→ Data block:
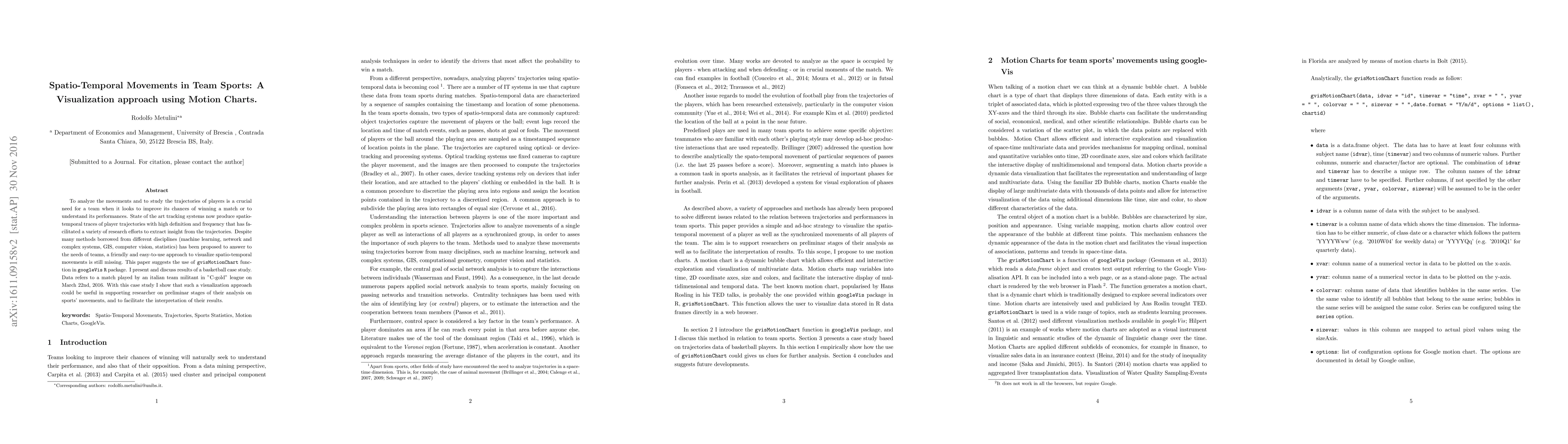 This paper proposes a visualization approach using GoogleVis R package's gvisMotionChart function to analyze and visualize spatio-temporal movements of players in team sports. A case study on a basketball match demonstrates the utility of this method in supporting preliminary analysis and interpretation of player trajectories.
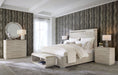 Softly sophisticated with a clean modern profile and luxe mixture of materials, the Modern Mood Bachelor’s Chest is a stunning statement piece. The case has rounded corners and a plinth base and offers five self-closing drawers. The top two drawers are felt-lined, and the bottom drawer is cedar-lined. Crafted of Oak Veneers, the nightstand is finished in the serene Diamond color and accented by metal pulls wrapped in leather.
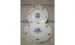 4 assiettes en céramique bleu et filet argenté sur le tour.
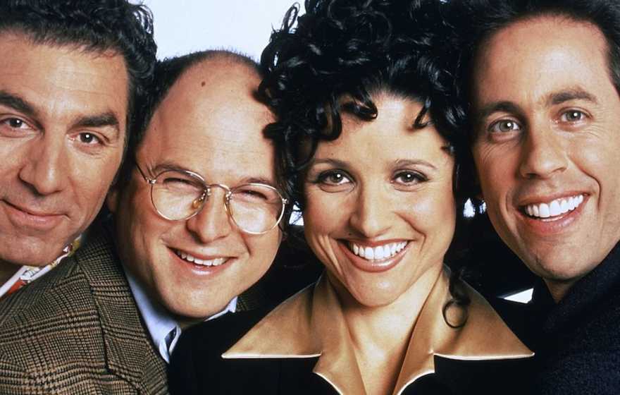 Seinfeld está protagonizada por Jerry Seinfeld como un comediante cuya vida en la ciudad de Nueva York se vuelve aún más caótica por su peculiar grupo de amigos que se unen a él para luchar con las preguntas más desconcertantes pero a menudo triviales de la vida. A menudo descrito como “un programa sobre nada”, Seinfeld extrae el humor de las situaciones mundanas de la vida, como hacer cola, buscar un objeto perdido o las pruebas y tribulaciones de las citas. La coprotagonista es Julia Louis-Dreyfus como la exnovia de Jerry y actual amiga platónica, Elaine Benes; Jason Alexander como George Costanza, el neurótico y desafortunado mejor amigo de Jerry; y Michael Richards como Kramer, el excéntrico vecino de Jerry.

→ What is required: Return word for word the lines of the listing above, starting at the line with "Softly sophisticated with" and ending at the line with "4 assiettes en", both included. Pictures do not belong in the copy.

→ Response box:
 Softly sophisticated with a clean modern profile and luxe mixture of materials, the Modern Mood Bachelor’s Chest is a stunning statement piece. The case has rounded corners and a plinth base and offers five self-closing drawers. The top two drawers are felt-lined, and the bottom drawer is cedar-lined. Crafted of Oak Veneers, the nightstand is finished in the serene Diamond color and accented by metal pulls wrapped in leather.
 4 assiettes en céramique bleu et filet argenté sur le tour.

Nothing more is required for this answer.